What you will do: Retype the records below exactly as they stand, omitting the pictures.

Records shown:

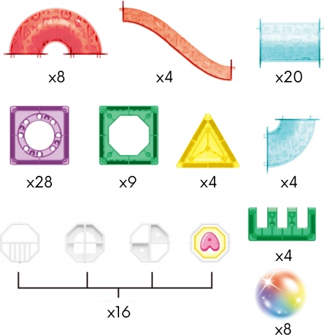 - 28 Quadrate mit rundem Loch, 9 Quadrate, 4 Dreiecke, 8 gebogene Teile (Viertelkreis), 4 gerade Teile, 20 Tunnelteile, 4 U-förmige Teile, 8 Kugeln (leuchtend), 16 Verbinder
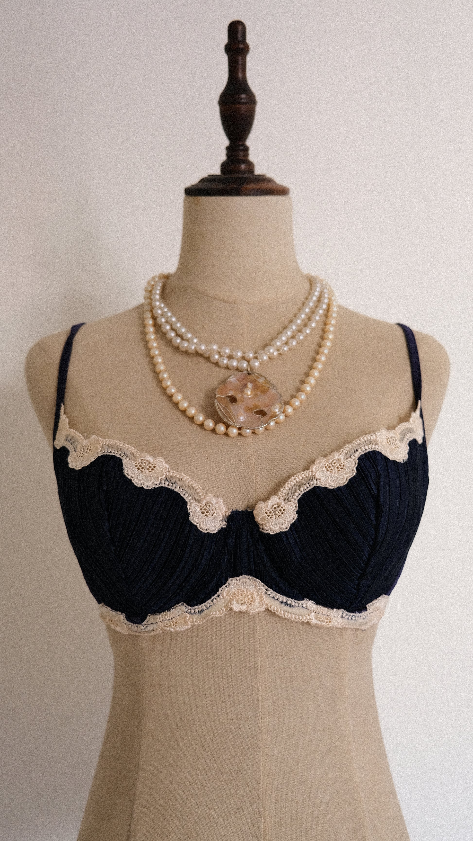 A vintage Italian navy blue pleated bra with cream lace adding a soft and romantic touch.
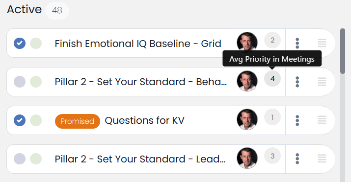 Filter by owner, meeting, project, or due date to focus the day. See promised items front-and-center to keep commitments visible.
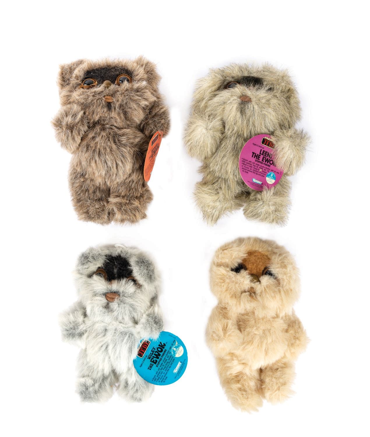 (Kenner/Lucasfilm, 1983) A complete set of (4) Ewok baby plush, released in time with their debut in "Return of the Jedi." Wiley, Leeni, and Mookiee are complete with original tag, Nippet is not. Each measuring 8"x5", the plush figures are in very good condition, with some creases to their tags.
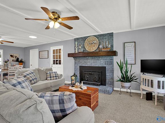 - Features: Ceiling Fan(s), Carpet, Fireplace
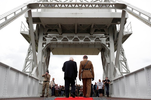 A 00H15, près de mille planeurs chargés de matériel atterrissent tant bien que mal un peu à l’intérieur des terres. Plusieurs se fracassent sur des pieux ou s’écrasent dans les marais, il y a déjà des morts et des blessés. Dans le village de Bénouville, les Britanniques prennent rapidement le contrôle d’un pont levant stratégique qui sera surnommé “Pegasus Bridge”.
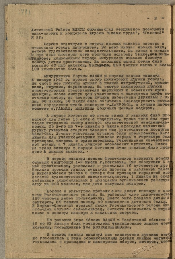 Тамбовский горком комсомола собрал для детей фронтовиков 35 тыс. рублей на приобретение новогодних подарков и 2404 комплекта вещей и обуви, которые раздавались на новогодних елках.
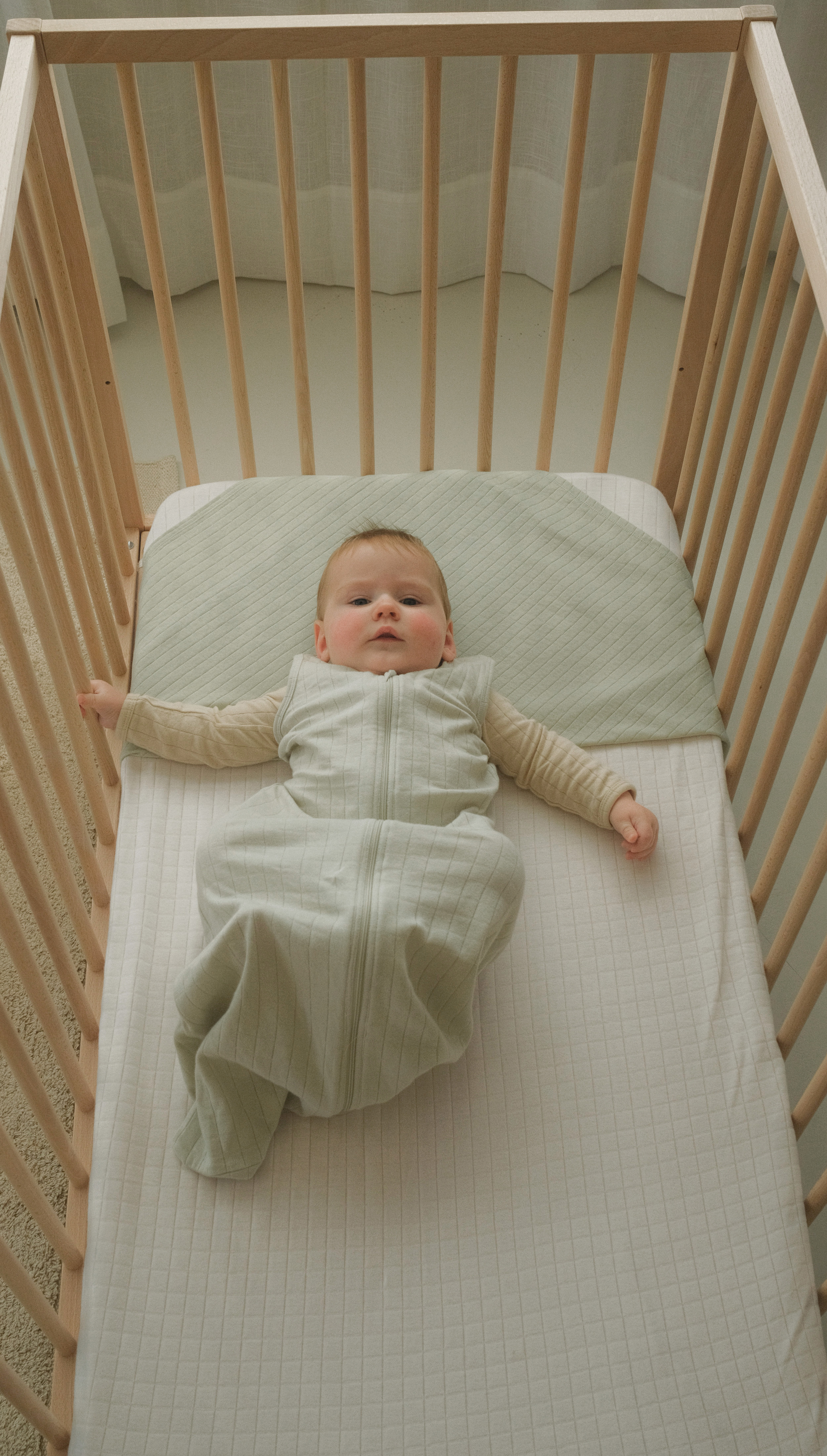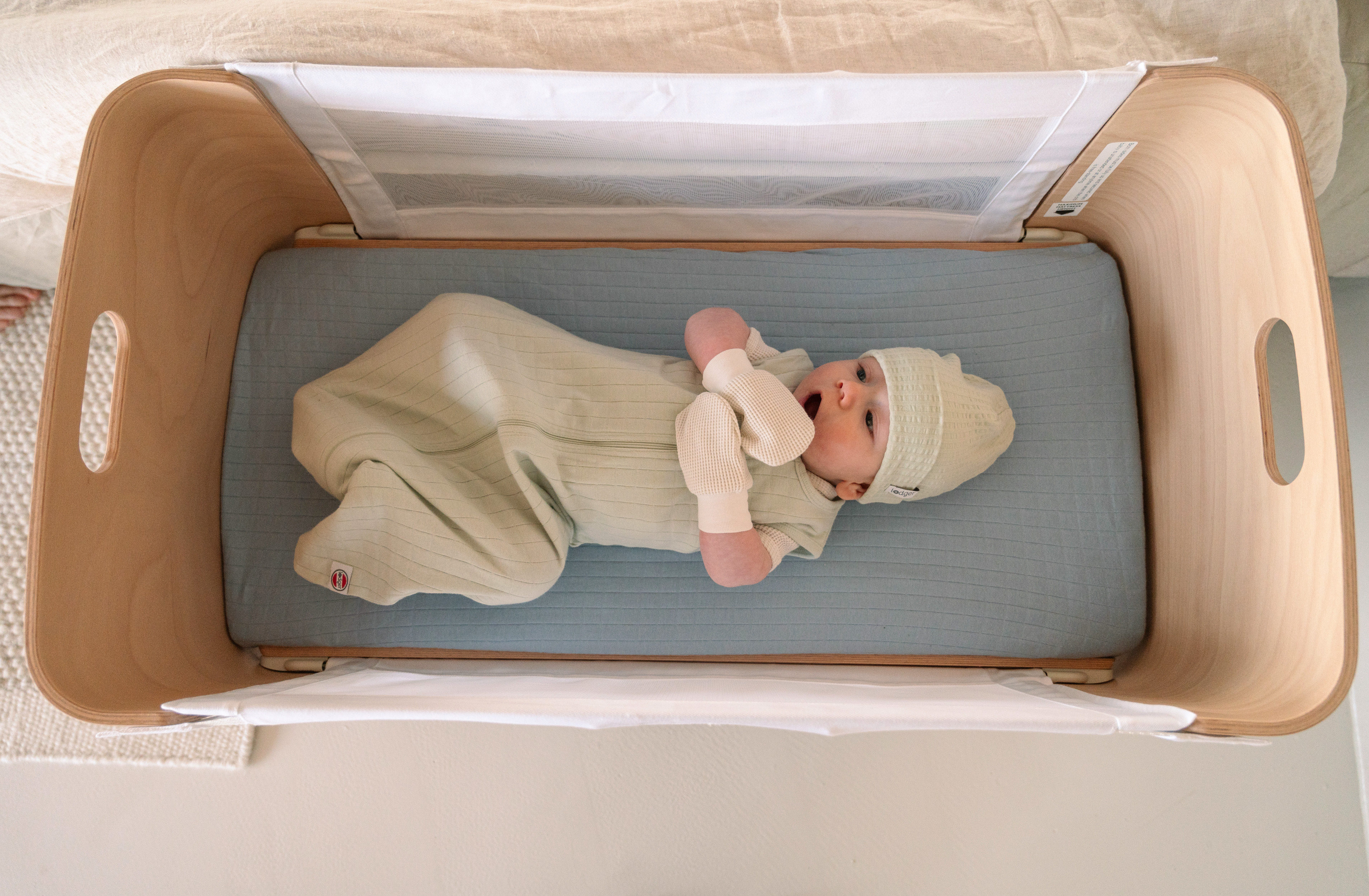 Elpojošs oragniskās kokvilnas guļammaiss. Tajā ir pietiekami daudz vietas, lai varētu kustināt kājas, bet tajā pašā laikā juties droši. Tāpat guļammaisam ir rāvējslēdzējs, kas atveras līdz pat apakšai, lai atvieglotu autiņbiksīšu nomaiņu.

Answer to the problem:
 - 28 Quadrate mit rundem Loch, 9 Quadrate, 4 Dreiecke, 8 gebogene Teile (Viertelkreis), 4 gerade Teile, 20 Tunnelteile, 4 U-förmige Teile, 8 Kugeln (leuchtend), 16 Verbinder
 A vintage Italian navy blue pleated bra with cream lace adding a soft and romantic touch.
 Filter by owner, meeting, project, or due date to focus the day. See promised items front-and-center to keep commitments visible.
 (Kenner/Lucasfilm, 1983) A complete set of (4) Ewok baby plush, released in time with their debut in "Return of the Jedi." Wiley, Leeni, and Mookiee are complete with original tag, Nippet is not. Each measuring 8"x5", the plush figures are in very good condition, with some creases to their tags.
 - Features: Ceiling Fan(s), Carpet, Fireplace
 A 00H15, près de mille planeurs chargés de matériel atterrissent tant bien que mal un peu à l’intérieur des terres. Plusieurs se fracassent sur des pieux ou s’écrasent dans les marais, il y a déjà des morts et des blessés. Dans le village de Bénouville, les Britanniques prennent rapidement le contrôle d’un pont levant stratégique qui sera surnommé “Pegasus Bridge”.
 Тамбовский горком комсомола собрал для детей фронтовиков 35 тыс. рублей на приобретение новогодних подарков и 2404 комплекта вещей и обуви, которые раздавались на новогодних елках.
 Elpojošs oragniskās kokvilnas guļammaiss. Tajā ir pietiekami daudz vietas, lai varētu kustināt kājas, bet tajā pašā laikā juties droši. Tāpat guļammaisam ir rāvējslēdzējs, kas atveras līdz pat apakšai, lai atvieglotu autiņbiksīšu nomaiņu.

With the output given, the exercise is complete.